Internationale Tagung der Byzantinischen Archäologie Mainz, 3. bis 6. Juni 2010

Vom 3. bis 6. Juni 2010 fand in Mainz eine internationale Tagung der Forschungskooperation Byzantinische Archäologie Mainz (BAM) unter dem Titel„Hinter den Mauern und auf dem offenen Land: Neue Forschungen zum Leben im Byzantinischen Reich“ statt. Wissenschaftler aus USA, Deutschland, Österreich und Griechenland stellten einen zentralen Aspekt byzantinischer Kultur in den Mittelpunkt: Das alltägliche Leben der Einwohner in der Stadt und in der ländlichen Provinz.

Fragen nach dem Verhältnis von Stadt und Land und dem sich darin spiegelnden Alltagsleben waren bislang selten das Thema großer Konferenzen zu Byzanz. Die Tagung „Hinter den Mauern und auf dem offenen Land: Neue Forschungen zum Leben im Byzantinischen Reich“ stellte diesen Aspekt der byzantinischen Kultur in den Fokus. Vom 3. bis 6. Juni diskutierten Wissenschaftler im Erbacher Hof Fragestellungen zum alltäglichen Leben der Einwohner des aus dem oströmischen Reich hervorgegangenen Imperiums. Zum Leben in der Stadt und zum Leben in der ländlichen Provinz. Eine eigene Sektion widmete sich der Hauptstadt Konstantinopel.

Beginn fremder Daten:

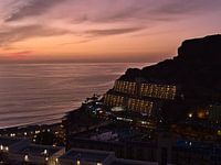 Prachtig uitzicht over het vakantiedorp Taurito aan de zuidkust van het eiland Gran Canaria, Canarische Eilanden, Spanje na zonsondergang met een verlicht hotel, de silhouetten van rotsachtige rotsen en kleurrijke lucht met wolken.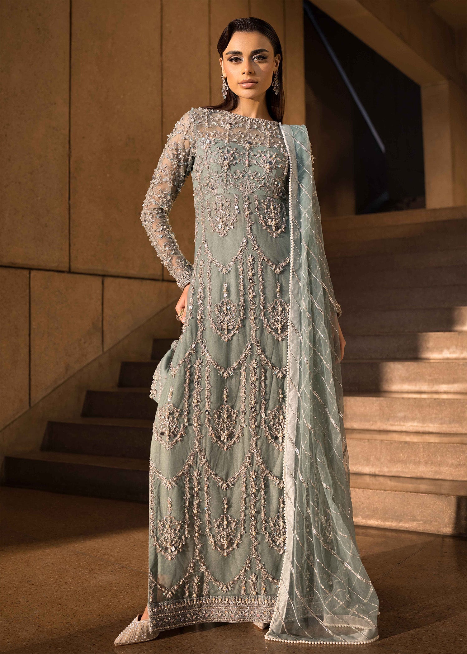 Step into a realm of soft hues and captivating elegance with this stunning Mint dress. The net base is adorned with delicate embroidered motifs that evoke the beauty of precious jewels, while luxurious silver embellishments add a touch of opulence and glamour. Imagine intricate patterns sparkling in the light, effortlessly drawing attention wherever you go. Paired with matching pants, this ensemble creates a perfect blend of bold sophistication and timeless beauty, leaving a lasting impression.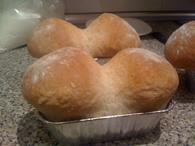 - Engrasar los moldes y formar bolas de masa. El peso de las bolas dependerá del tamaño del molde en el que vayamos a hornear el pan. Dos bolas de 200 g cada una para un molde mediano de unos 20 X 7 X 10 cm. Nosotras teníamos unos moldecitos pequeños en los que pusimos esta cantidad de masa y "se nos desbordó". Ya antes de introducirlos al horno pudimos comprobar que pusimos demasiada cantidad de masa y, efectivamente, al hornear, aquello empezó a crecer de forma incontrolada. Para un molde más grande, yo optaría por una tercera bola de 200 g.

Die Vorträge behandelten die Infrastruktur, die Topographie, aber auch die nachbarschaftlichen Verhältnisse der Bewohner. Thematisiert wurde daneben das urbane Leben in anderen städtischen Zentren wie Ephesos und in den übrigen Provinzen des byzantinischen Reiches. Dafür konnten Prof. Dr. John Haldon (Princeton) und PD Mag. Dr. Sabine Ladstätter (Wien) gewonnen werden, deren Abendvorträge zu den Höhepunkten der Tagung zählten.

In weiteren Beiträgen wurden der Alltag und das soziale Miteinander in den ländlichen Gebieten des Byzantinischen Reiches und in speziellen Lebensbereichen, z. B. Handwerk und Klosterleben, besprochen. Der chronologische Rahmen war weit gesteckt und umfasst Beispiele aus dem ganzen byzantinischen Jahrtausend von der Spätantike bis in die spätmittelalterliche Zeit.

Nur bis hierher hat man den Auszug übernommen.